%%
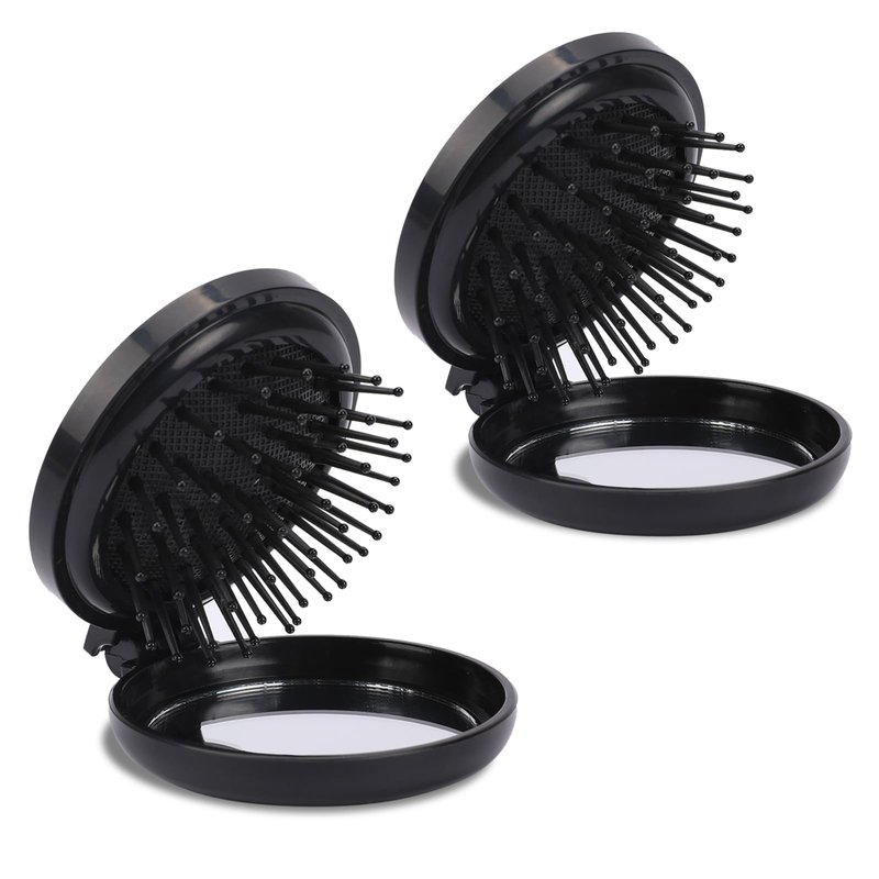 2pcs round folding hairbrush with mirror
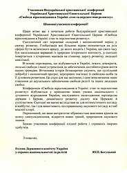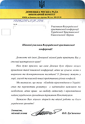 В адрес участников конференции были направлены приветственные письма от Главы Государственного комитета Украины по делам национальностей и религии Богуцкого Юрия Петровича, Народного депутата Украины Стретовича Владимира Николаевича, Донецкого Городского Головы Лукьянченко Александра Алексеевича:
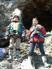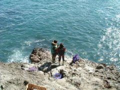 最初の磯は風なし、ポカポカとした陽気で、たたずんでいるだけならうってつけの場所。だが時折東からの大ウネリが仕掛けを全て一箇所へ押しやってしまった。 |
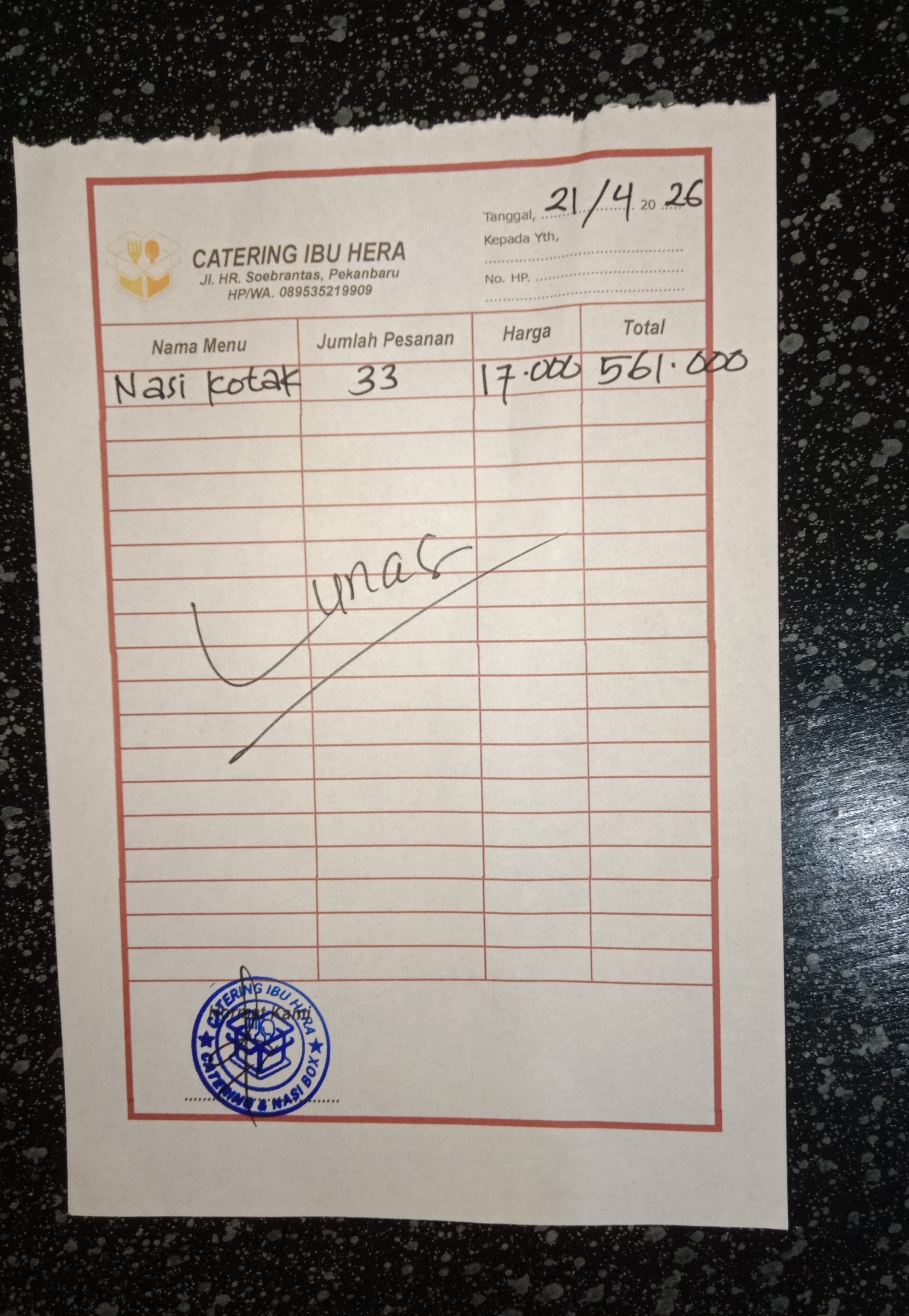 Dana digunakan untuk nasi kotak Rp17.000 x 33 kotak = Rp561.0002026-04-21 11:31:12
%%
_What to produce_
Type out the data above once more, exactly, with no images included.

_Solution to this task_
 2pcs round folding hairbrush with mirror
 В адрес участников конференции были направлены приветственные письма от Главы Государственного комитета Украины по делам национальностей и религии Богуцкого Юрия Петровича, Народного депутата Украины Стретовича Владимира Николаевича, Донецкого Городского Головы Лукьянченко Александра Алексеевича:
 最初の磯は風なし、ポカポカとした陽気で、たたずんでいるだけならうってつけの場所。だが時折東からの大ウネリが仕掛けを全て一箇所へ押しやってしまった。 |
 Dana digunakan untuk nasi kotak Rp17.000 x 33 kotak = Rp561.0002026-04-21 11:31:12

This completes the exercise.